### Listed records

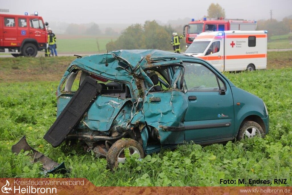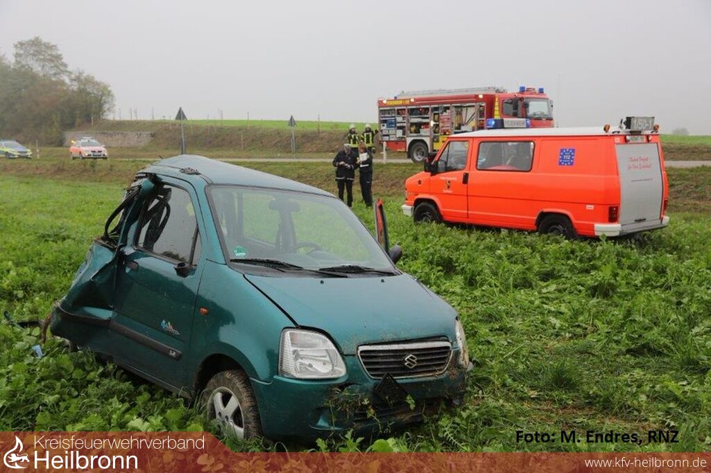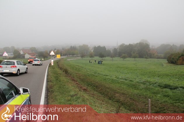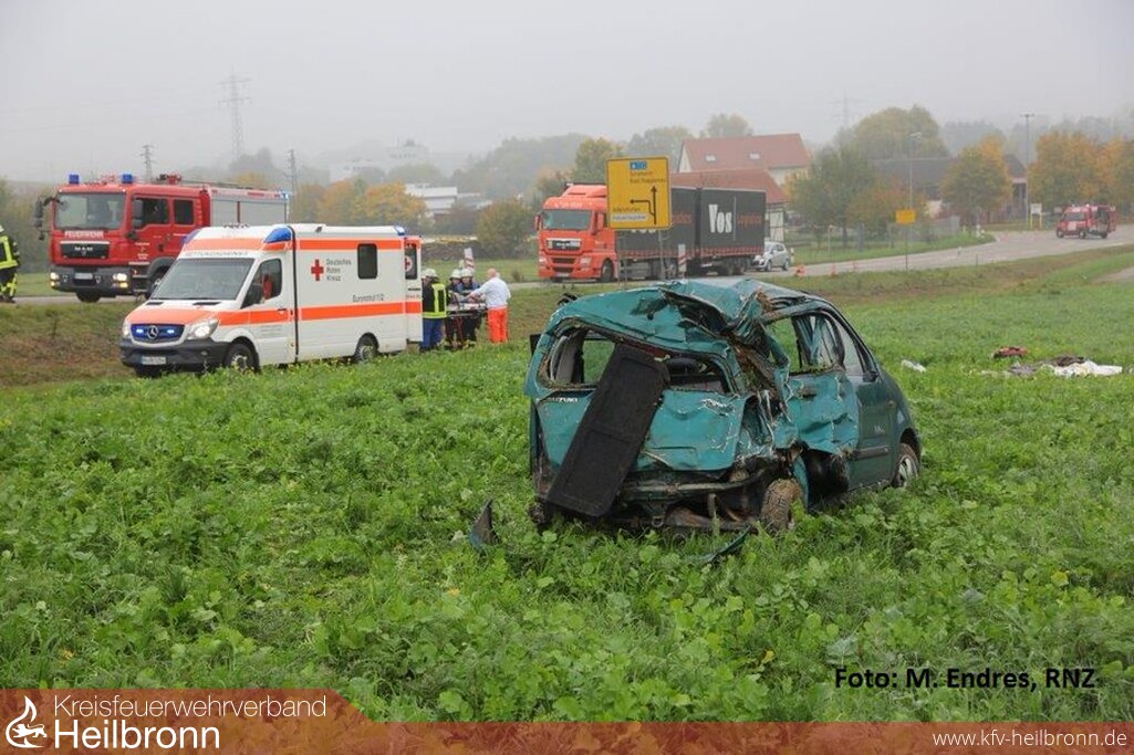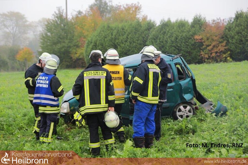 Am Morgen des 21.10.2015 wurde die Eppinger Wehr zu einem Verkehrsunfall auf der L1110 zwischen Eppingen und Richen alarmiert. Ein PKW war aus ungeklärten Gründen von der Fahrbahn in den Seitenstreifen gekommen und im Grüngelände über einen Hügel geschossen. In Folge dessen überschlug sich der PKW mehrmals und kam circa 200-300 Meter nach dem Einfahren in den Grünstreifen auf der Seite zum liegen. Die Fahrerin des PKW wurde vermutlich bei den Überschlägen des Fahrzeugs aus der Heckklappe geschleudert und lag etwa 20 Meter vom Fahrzeug entfernt in der Wiese.
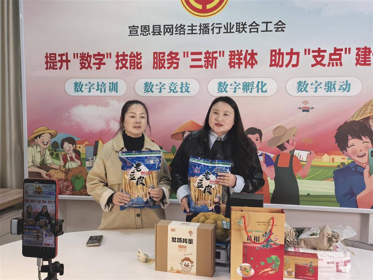 截至目前,宣恩工会“数字驿站”已连续开展多届网络主播技能大赛,举办300余场“电子商务师”“互联网营销师”“百村(企)千名好主播”“农村寄递物流电商”等培训;依托平台孵化企业50多家,带动就业5000多人,培育出上千名农村电商人才、乡村好主播和短视频创客,同时孵化出2家网络媒体工作室、3家线上电商企业、12名年销售额500万以上的带货主播,销售农特产品1.2亿元。
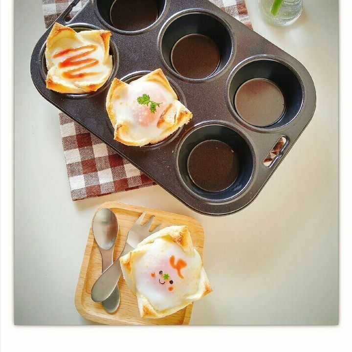 薄く伸ばした食パンをマフィンカップに入れ、卵といっしょにトースト。いつもの卵焼きトーストもカップ状にすればかわいらしく、子どもも喜びそうですね。ウインナーや粉チーズを加えてアレンジしても◎。
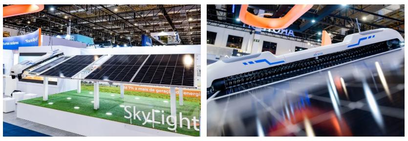 在本次展会上,中信博重点展示了针对复杂地形场景的“跟踪+智能清扫机器人”解决方案。
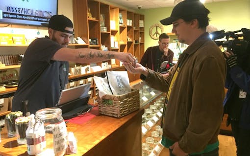 The pair bought three prerolls of Jack Herer shortly after the stroke of 6 o’clock. Sean Luse, BPG’s chief operating officer, wanted activists to be the first in line, and the activists wanted to honor Herer, the legalization activist and late author of The Emperor Wears No Clothes.

### The task
Images are to be left out when the records above are written out again exactly.

### Solution for this problem
 Am Morgen des 21.10.2015 wurde die Eppinger Wehr zu einem Verkehrsunfall auf der L1110 zwischen Eppingen und Richen alarmiert. Ein PKW war aus ungeklärten Gründen von der Fahrbahn in den Seitenstreifen gekommen und im Grüngelände über einen Hügel geschossen. In Folge dessen überschlug sich der PKW mehrmals und kam circa 200-300 Meter nach dem Einfahren in den Grünstreifen auf der Seite zum liegen. Die Fahrerin des PKW wurde vermutlich bei den Überschlägen des Fahrzeugs aus der Heckklappe geschleudert und lag etwa 20 Meter vom Fahrzeug entfernt in der Wiese.
 截至目前,宣恩工会“数字驿站”已连续开展多届网络主播技能大赛,举办300余场“电子商务师”“互联网营销师”“百村(企)千名好主播”“农村寄递物流电商”等培训;依托平台孵化企业50多家,带动就业5000多人,培育出上千名农村电商人才、乡村好主播和短视频创客,同时孵化出2家网络媒体工作室、3家线上电商企业、12名年销售额500万以上的带货主播,销售农特产品1.2亿元。
 薄く伸ばした食パンをマフィンカップに入れ、卵といっしょにトースト。いつもの卵焼きトーストもカップ状にすればかわいらしく、子どもも喜びそうですね。ウインナーや粉チーズを加えてアレンジしても◎。
 在本次展会上,中信博重点展示了针对复杂地形场景的“跟踪+智能清扫机器人”解决方案。
 The pair bought three prerolls of Jack Herer shortly after the stroke of 6 o’clock. Sean Luse, BPG’s chief operating officer, wanted activists to be the first in line, and the activists wanted to honor Herer, the legalization activist and late author of The Emperor Wears No Clothes.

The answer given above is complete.